Information shown:
• • •
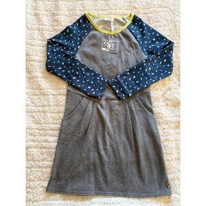 Matilda Jane 435 long sleeve dress combines comfort and playful style with a raglan-sleeve design. The heathered grey bodice features a soft fleece-like interior and functional side pockets with pleated detailing, while the navy blue sleeves are adorned with a colorful polka dot print. A bright yellow trim at the neckline adds a pop of contrast to this versatile piece, which is finished with the signature flower logo button near the hem.
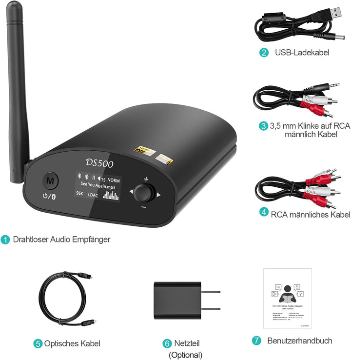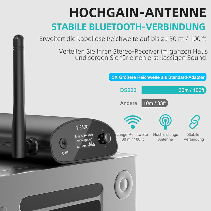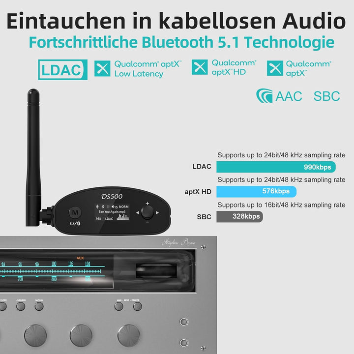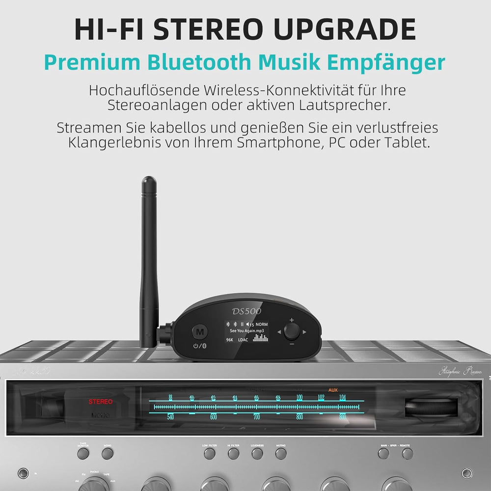 - Verbessern Sie Ihre Heimstereoanlage: DS500 ist ein audiophiler Premium-HiFi-Bluetooth-Audio-Adapter, der jedem Vintage-Heimstereo, AV-Receiver oder angetriebenen Lautsprechern eine hochauflösende Bluetooth-Konnektivität verleiht. Plug-and-Play, in
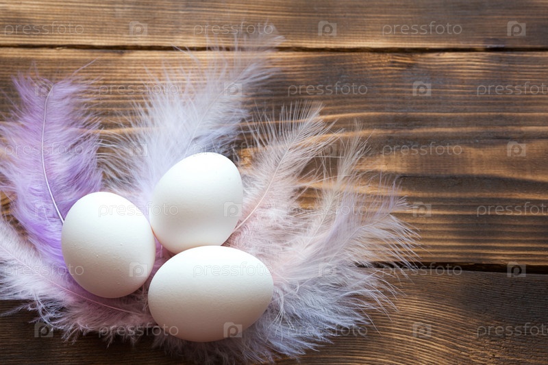 Белые куриные яйца на деревянном столе в гнезде из нежных перьев пастельных тонов. Фон пасхальной деревни, натуральные экологически чистые продукты
• • •
Aim of the task: Could you output the entire listing verbatim while omitting its pictures?

Answer for the task:
 Matilda Jane 435 long sleeve dress combines comfort and playful style with a raglan-sleeve design. The heathered grey bodice features a soft fleece-like interior and functional side pockets with pleated detailing, while the navy blue sleeves are adorned with a colorful polka dot print. A bright yellow trim at the neckline adds a pop of contrast to this versatile piece, which is finished with the signature flower logo button near the hem.
 - Verbessern Sie Ihre Heimstereoanlage: DS500 ist ein audiophiler Premium-HiFi-Bluetooth-Audio-Adapter, der jedem Vintage-Heimstereo, AV-Receiver oder angetriebenen Lautsprechern eine hochauflösende Bluetooth-Konnektivität verleiht. Plug-and-Play, in
 Белые куриные яйца на деревянном столе в гнезде из нежных перьев пастельных тонов. Фон пасхальной деревни, натуральные экологически чистые продукты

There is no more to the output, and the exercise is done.